G5/EXS24/Logic 6.3.2/OSX 10.3.1 review at SOS http://www.soundonsound.com/sos/mar04/articles/applenotes.htm


--- Quote ---In order to carry out the EXS24 test, I turned to a Harp instrument from the Vienna Symphonic Library (HA_ES, to be specific), which contains 386.7MB of 16-bit samples at 44.1kHz. I used the built-in Core Audio drivers with a buffer size of 512 samples and initially disabled the EXS24's Virtual Memory disk streaming option so the performance of the disk and controller wouldn't impede the processor and system buss's capabilities. In Logic's Arrange window I created a one-bar object that looped indefinitely with a 64-note cluster over the first quarter-note beat, adjusting the tempo of the song until the EXS24's voice indicator reported that 64 stereo voices were playing back continuously.

With 11 instances of EXS24 working flat-out in the same configuration as described in the last paragraph, the first and second CPU meters in Logic showed approximately 95 and 100 percent usage respectively; the User value from OS X's Activity Monitor reported 88 percent. Adding a 12th instance overloaded the system, but even with 11 instances of EXS24, each playing back 64 voices, the total number of stereo voices was 704, which is pretty impressive.
--- End quote ---

--- Quote ---There's an oft-forgotten option in the EXS24 editor window's preferences that lets you select 32-bit floating-point storage for samples, rather than the 16- or 24-bit integer format of the data as it's stored on a disk. This option offers a huge improvement in terms of performance, since, as discussed last month, Logic's audio system is based around 32-bit floating-point arithmetic. So if the EXS24 sampler stores sample data in a 16- or 24-bit integer format, it has to convert every sample into 32-bit floating-point when retrieving the data from memory. However, when the samples are loaded into memory as 32-bit floating-point, this integer to floating-point conversion isn't necessary the only downside being that the same instrument will require either twice the memory, or a third more, when the 32-bit floating-point storage option is enabled.
apple performance
Choosing 32-bit floating-point sample storage allowed me to run an incredible 51 instances of EXS24 on the G5 before overloading the system at the 52nd.

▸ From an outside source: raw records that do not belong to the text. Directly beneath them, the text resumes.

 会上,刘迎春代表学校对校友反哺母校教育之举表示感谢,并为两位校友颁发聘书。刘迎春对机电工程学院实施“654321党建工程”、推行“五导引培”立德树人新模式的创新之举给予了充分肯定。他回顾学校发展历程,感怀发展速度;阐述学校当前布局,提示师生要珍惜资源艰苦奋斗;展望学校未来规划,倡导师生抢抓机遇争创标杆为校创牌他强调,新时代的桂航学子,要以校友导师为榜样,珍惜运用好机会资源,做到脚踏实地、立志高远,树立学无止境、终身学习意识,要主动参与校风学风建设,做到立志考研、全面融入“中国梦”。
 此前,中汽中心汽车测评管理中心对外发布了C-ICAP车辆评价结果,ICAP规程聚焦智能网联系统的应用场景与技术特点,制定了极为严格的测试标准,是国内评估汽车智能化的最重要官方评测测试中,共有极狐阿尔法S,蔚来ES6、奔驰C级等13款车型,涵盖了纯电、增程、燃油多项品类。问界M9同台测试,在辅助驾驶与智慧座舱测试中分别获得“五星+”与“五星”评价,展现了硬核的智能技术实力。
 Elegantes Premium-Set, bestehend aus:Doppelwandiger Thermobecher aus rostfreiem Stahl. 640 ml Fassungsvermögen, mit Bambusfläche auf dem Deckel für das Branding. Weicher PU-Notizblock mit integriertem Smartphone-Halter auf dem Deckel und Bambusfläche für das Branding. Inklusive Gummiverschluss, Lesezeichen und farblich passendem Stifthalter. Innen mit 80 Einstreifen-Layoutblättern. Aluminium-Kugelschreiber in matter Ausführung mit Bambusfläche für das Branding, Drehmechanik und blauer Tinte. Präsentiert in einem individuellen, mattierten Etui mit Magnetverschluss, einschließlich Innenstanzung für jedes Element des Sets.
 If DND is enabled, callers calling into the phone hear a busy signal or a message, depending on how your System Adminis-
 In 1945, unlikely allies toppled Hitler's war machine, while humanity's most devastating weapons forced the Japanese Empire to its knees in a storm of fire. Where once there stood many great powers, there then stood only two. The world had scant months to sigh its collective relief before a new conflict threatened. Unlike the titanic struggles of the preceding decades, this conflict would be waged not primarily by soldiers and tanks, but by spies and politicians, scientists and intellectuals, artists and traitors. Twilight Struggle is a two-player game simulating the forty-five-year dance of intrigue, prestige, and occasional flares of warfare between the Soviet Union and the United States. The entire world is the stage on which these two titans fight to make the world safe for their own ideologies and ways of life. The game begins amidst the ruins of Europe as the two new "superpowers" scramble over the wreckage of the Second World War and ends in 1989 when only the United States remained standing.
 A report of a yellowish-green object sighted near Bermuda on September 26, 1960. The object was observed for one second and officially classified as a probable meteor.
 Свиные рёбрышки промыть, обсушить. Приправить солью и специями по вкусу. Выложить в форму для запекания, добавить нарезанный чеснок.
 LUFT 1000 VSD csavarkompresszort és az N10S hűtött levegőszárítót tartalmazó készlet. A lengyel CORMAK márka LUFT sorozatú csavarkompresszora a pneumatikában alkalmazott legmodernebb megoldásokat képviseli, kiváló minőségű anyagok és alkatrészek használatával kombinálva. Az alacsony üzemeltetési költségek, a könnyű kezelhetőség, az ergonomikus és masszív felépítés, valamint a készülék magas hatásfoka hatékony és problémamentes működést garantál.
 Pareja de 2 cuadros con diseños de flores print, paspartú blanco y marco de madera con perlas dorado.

In the case of the VSL's 16-bit harp instrument, enabling 32-bit floating-point storage doubled the amount of memory required to 773.4MB and suddenly the Power Mac G5's 8GB memory limit seemed small again! However, in terms of performance with the same 11 instances of EXS24, Logic's CPU meters dropped to around 25 and 15 percent respectively, with the User value reporting 25 percent. Not bad. In fact, with 32-bit floating-point storage enabled I was able to get 51 instances of the EXS24 sampler playing a total of 3264 voices. At this stage in the experiment, Logic's CPU meters read approximately 100 and 95 percent respectively, and the User value was at 90 percent. Adding a 52nd instance overloaded the system.

After the 32-bit floating-point test, I switched back to 16-bit storage to see the effect of enabling Virtual Memory, so that the samples streamed from disk instead of being wholly stored in memory. However, as you can probably guess, enabling 32-bit floating-point storage makes little difference when the samples aren't stored completely in memory, since they will be read in their native storage format. Virtual Memory was configured with Disk Speed set to Medium and Disk Activity set to Average, requiring a constant RAM allocation of 15.1MB. With this setup, nine instances of EXS24, playing 576 voices, pushed both of Logic's CPU meters to the limit, with a User value of 92 percent, and the system performed better with eight instances playing 512 voices.

Another factor that makes a big difference to the performance of the EXS24 sampler is whether the filter is enabled or not. With 32-bit floating-point storage and Virtual Memory disabled I managed only three instances of the EXS24 sampler (192 voices), each with the filter enabled. In this context, Logic's CPU meters showed approximately 60 and 100 percent usage respectively, with the User value indicating 75 percent. Adding a fourth EXS24 instance with the filter overloaded the system. Enabling 32-bit storage allowed the fourth instance to be added, while adding a fifth overloaded the system. With four instances playing 256 voices, Logic's CPU meters each gave a reading of around 85 percent, with the User value showing 73 percent.



--- End quote ---

In EXS24 you can get more/less instances depending on how you "record" them on the hard drive.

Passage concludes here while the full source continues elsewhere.